Pretoria: The South African Revenue Service (SARS) has welcomed Finance Minister Enoch Godongwana’s Medium-Term Budget Policy Statement (MTBPS), delivered on Wednesday, showing that the revenue service collected over R900 billion in revenue. By 30 September 2025, SARS had collected a net revenue of R924.7 billion, drawn from gross collections of R1 157.6 billion and refund payments of R232.9 billion. This marks year-on-year growth of R78.6 billion and an overall surplus of R18 billion against the printed estimates, indicating a promising trajectory for the second half of the financial year. Nearly 50% of the better than estimated performance came from compliance efforts.
According to South African Government News Agency, in its statement, the revenue service welcomed the tabling of the MTBPS and the Minister’s revision of the 2025 Budget net tax-revenue estimate, from R1 985.6 billion to R2 005.3 billion. Commissioner Edward Kieswetter expressed SARS’s support for the Minister’s statement, which charts a clear and pragmatic roadmap for South Africa’s fiscal sustainability. The MTBPS sets out measures to strengthen the country’s economic resilience. SARS is committed to supporting these objectives by focusing on robust revenue collection, improved compliance, and trade facilitation through consistent effort and operational excellence.

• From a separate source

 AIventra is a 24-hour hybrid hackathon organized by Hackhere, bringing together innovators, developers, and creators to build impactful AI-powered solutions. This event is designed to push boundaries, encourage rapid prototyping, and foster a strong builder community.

SARS’s compliance programme continues to deliver results. In the same period, SARS secured R131.6 billion from compliance activities, up from R122.6 billion in the previous year. Debt collections reached R47.1 billion, an increase of R3.3 billion (7.5%), reinforcing SARS’s contribution to the national fiscus. The revenue service credited its achievement to the effort of its employees and compliant taxpayers. The Commissioner highlighted the dedication of SARS employees and the contribution of compliant taxpayers as key factors in strengthening South Africa’s fiscal outlook.

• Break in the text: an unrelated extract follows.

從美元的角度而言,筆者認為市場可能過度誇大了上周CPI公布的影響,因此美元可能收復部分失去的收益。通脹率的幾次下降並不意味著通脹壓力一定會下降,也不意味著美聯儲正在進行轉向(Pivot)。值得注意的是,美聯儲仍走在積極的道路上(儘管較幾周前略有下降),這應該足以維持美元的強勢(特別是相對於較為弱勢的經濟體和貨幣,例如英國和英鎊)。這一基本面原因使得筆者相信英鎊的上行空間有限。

Building on this momentum, revenue collection has shown resilience across major tax categories. Collections from Corporate Income Tax (CIT), PAYE, Dividends Tax, Domestic VAT, General Fuel Levy (Imported), as well as lower-than-estimated VAT-refund payments, consistently outperformed expectations. Year-to-date CIT Provisional Tax payments amounted to R164.5 billion, growing by R14.2 billion (9.5%) and exceeding the printed estimates by R4.7 billion (3.0%). Collections were boosted by invoking Paragraph 19(3) that yielded an additional R10.0 billion with major contributions from companies in the Mining and Finance sectors.
PAYE collections of R371.0 billion recorded growth of R30.9 billion (9.1%) against the prior year and exceeded the printed estimate by R3.2 billion (0.9%). The growth was driven mainly by payments from employers in the finance and community sectors. Tax proposals announced at Budget 2025 included no inflationary adjustments to Personal Income Tax (PIT) tax brackets and rebates, measures expected to yield R16.7 billion for the full year. Dividend tax collections amounted to R22.3 billion, growing by R5.3 billion (31.0%) against the prior year and recording a surplus of R4.6 billion (25.7%) against the printed estimates.
Domestic VAT collections totaled R292.7 billion, representing a year-on-year increase of R21.1 billion (7.8%). This was driven mainly by growth in the finance, wholesale and retail, and manufacturing sectors, partially offset by the transport sector. Year-to-date Domestic VAT collections exceeded the printed estimates by R5.2 billion (1.8%).
Import VAT underperformed by R3.7 billion due to lower growth in the value of imports. Lower than expected VAT refund payments, totaled R183.9 billion, or a marginal increase of R0.2 billion (0.1%) from the prior year. General Fuel Levy collections of R44.7 billion were R2.1 billion (5.0%) higher than in the prior year and exceeded the printed estimates by R2.3 billion (5.3%).
SARS said these surpluses were partially offset by lower-than-expected collections from PIT Provisional taxes, PIT Assessments, and Customs taxes; as well as higher-than-estimated PIT refund payments. PIT Refunds of R32.2 billion recorded growth of R4.5 billion (16.2%) against the prior year and exceeded the printed estimates by R1.4 billion (4.4%). Additionally, 7.3 million PIT returns were received, with 5.7 million returns being auto-assessed.
Commissioner Kieswetter reaffirmed SARS’s commitment to building a smart, modern institution anchored in integrity and trust. SARS aims to advance national fiscal goals in the face of challenges such as debt, unemployment, and inequality. To support these efforts, Minister Godongwana allocated an additional R7.5 billion to SARS over the Medium-Term Expenditure Framework.